:: Recorded information ::
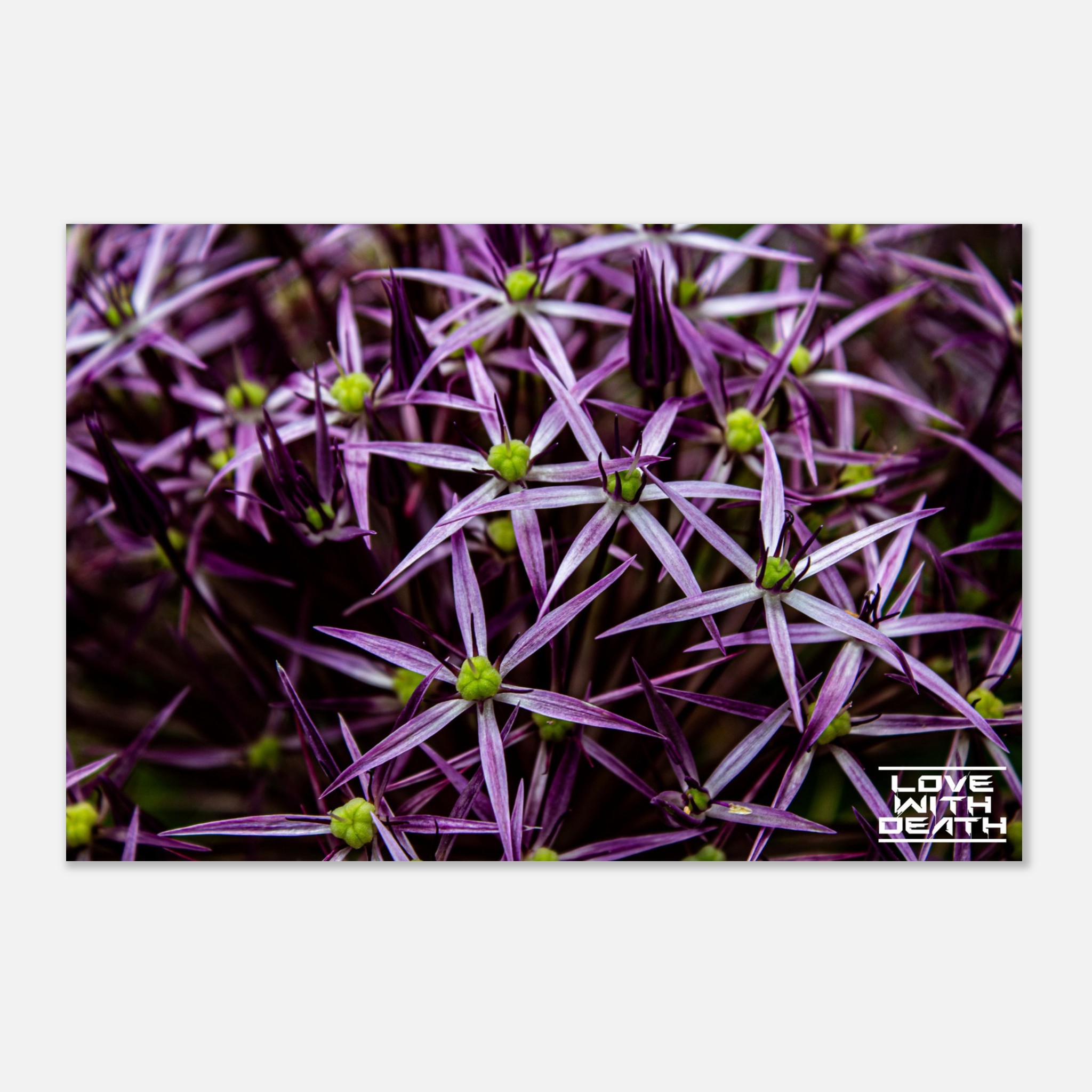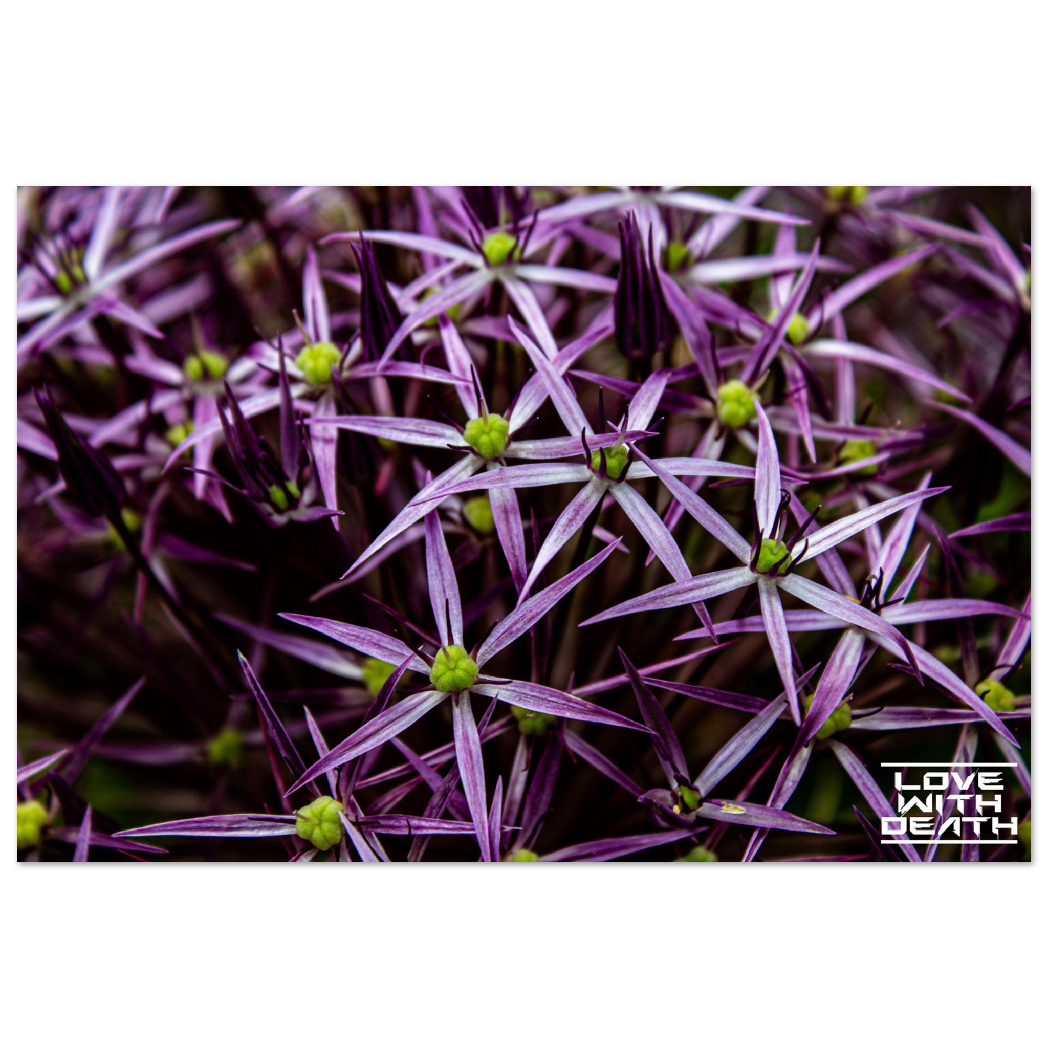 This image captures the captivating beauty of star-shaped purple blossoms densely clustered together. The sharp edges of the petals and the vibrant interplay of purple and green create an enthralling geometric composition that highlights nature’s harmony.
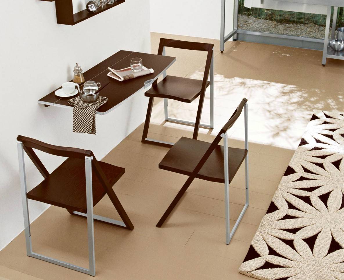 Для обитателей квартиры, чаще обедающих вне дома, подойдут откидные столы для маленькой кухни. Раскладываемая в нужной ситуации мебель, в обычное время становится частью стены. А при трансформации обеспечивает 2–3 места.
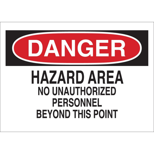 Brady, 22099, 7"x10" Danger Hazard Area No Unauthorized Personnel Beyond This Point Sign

:: Prompt ::
Images are to be omitted; repeat the remaining data above exactly.

:: Result ::
 This image captures the captivating beauty of star-shaped purple blossoms densely clustered together. The sharp edges of the petals and the vibrant interplay of purple and green create an enthralling geometric composition that highlights nature’s harmony.
 Для обитателей квартиры, чаще обедающих вне дома, подойдут откидные столы для маленькой кухни. Раскладываемая в нужной ситуации мебель, в обычное время становится частью стены. А при трансформации обеспечивает 2–3 места.
 Brady, 22099, 7"x10" Danger Hazard Area No Unauthorized Personnel Beyond This Point Sign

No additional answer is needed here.